Journal of Imaging Informatics in Medicine
|February 12, 2024
Summary
This study introduces a deep learning (DL) method for CT-less attenuation correction (AC) in positron emission tomography (PET) imaging. The DL model estimates tissue composition to generate attenuation maps, showing comparable accuracy to CT-based methods.
Area of Science:
- Medical Imaging
- Artificial Intelligence
- Radiophysics
Background:
- Positron Emission Tomography (PET) imaging requires accurate attenuation correction (AC) for quantitative analysis.
- Computed Tomography (CT) is typically used for AC, but this adds radiation dose and complexity.
- Developing CT-less AC methods is a significant goal in PET research.
Purpose of the Study:
- To present the first Sim2Real deep learning (DL) based approach for generating human head attenuation maps using only simulated PET data.
- To evaluate the feasibility of DL-based tissue composition estimation for CT-less attenuation correction in PET.
Main Methods:
- A DL model was trained on simulated PET data to estimate a four-channel tissue composition map (soft tissue, bone, cavity, background) from a 2D non-AC PET image.
- Attenuation maps were generated from the DL-derived tissue composition maps.
- The DL-based attenuation maps were used for scatter+random estimation and as initial estimates for Maximum Likelihood Attenuation Correction Factor (MLACF) refinement.
Main Results:
- The DL model demonstrated the ability to estimate overall anatomical structures in clinical brain PET data.
- While some inaccuracies in anatomical detail were noted, particularly in neck-side slices, the DL-based AC achieved quantitative accuracy comparable to CT-based AC.

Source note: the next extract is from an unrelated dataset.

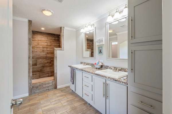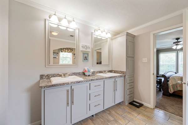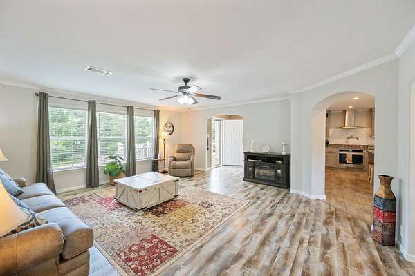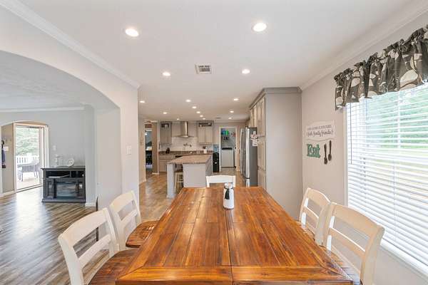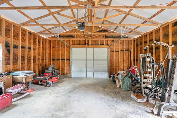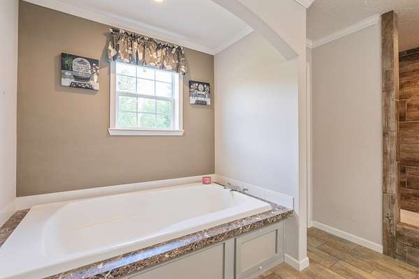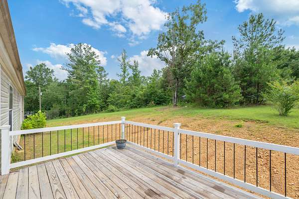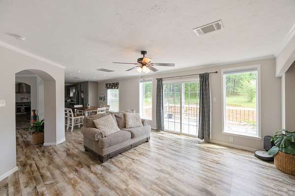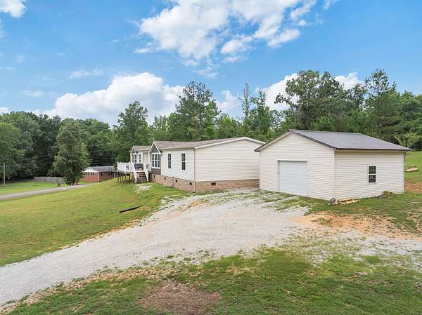 Welcome to this beautiful 2,280 sq ft manufactured home built in 2022, offering 4 bedrooms, 2 bathrooms, and an open floor plan designed for comfortable living. Inside, you'll find a large living room and a separate family room with eye-catching stone accents and automatic shades. The kitchen is a standout with stainless steel appliances, a large farm sink, a pot filler, a spacious island, and ample room for a full-size dining table. A separate utility room adds to the home's functionality. The primary suite features a generous walk-in closet and a luxurious bath with a soaking tub, oversized shower, and double vanities. Built with 2x6 exterior walls, 2x4 interior walls, upgraded insulation, and hurricane straps for added peace of mind. Step outside to enjoy a covered front porch and a back deck perfect for relaxing or entertaining. Sitting on nearly 2 acres with road frontage on three sides, the property also includes a 24x24 garage ideal for a shop or parking. A current survey is on file--move-in ready with space, quality, and comfort inside and out!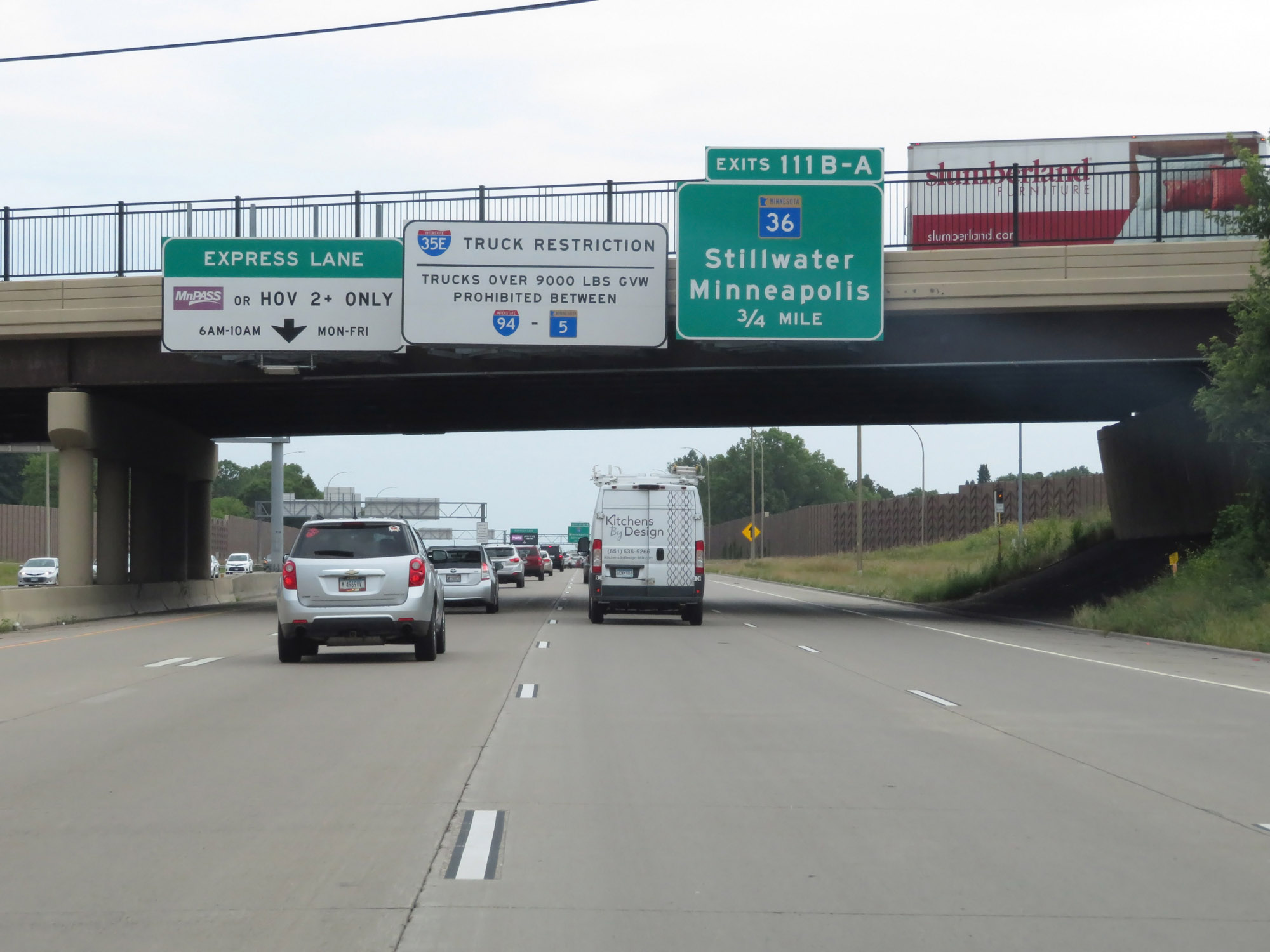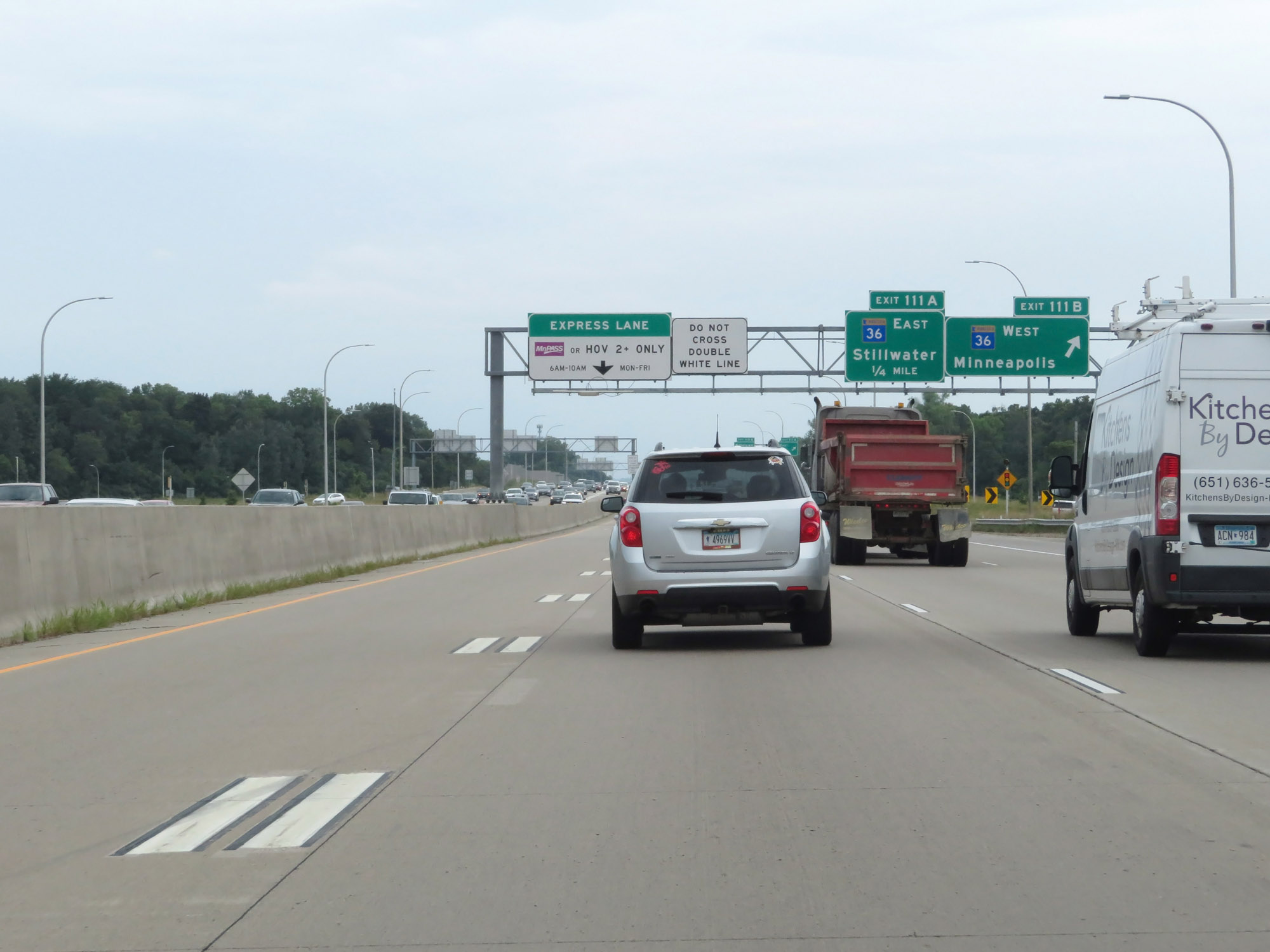 Interstate 35E South at Exit 111A: MN 36 East - Stillwater (Photo taken 8/7/20). |

- The combined DL and MLACF approach showed promise as a CT-less AC solution.
Conclusions:
- The proposed DL-based method offers a viable approach for CT-less attenuation correction in PET.
- Combining DL-based tissue estimation with MLACF refinement presents a promising strategy for improving PET imaging without CT.
- Further development is warranted to address limitations in anatomical detail estimation for broader clinical application.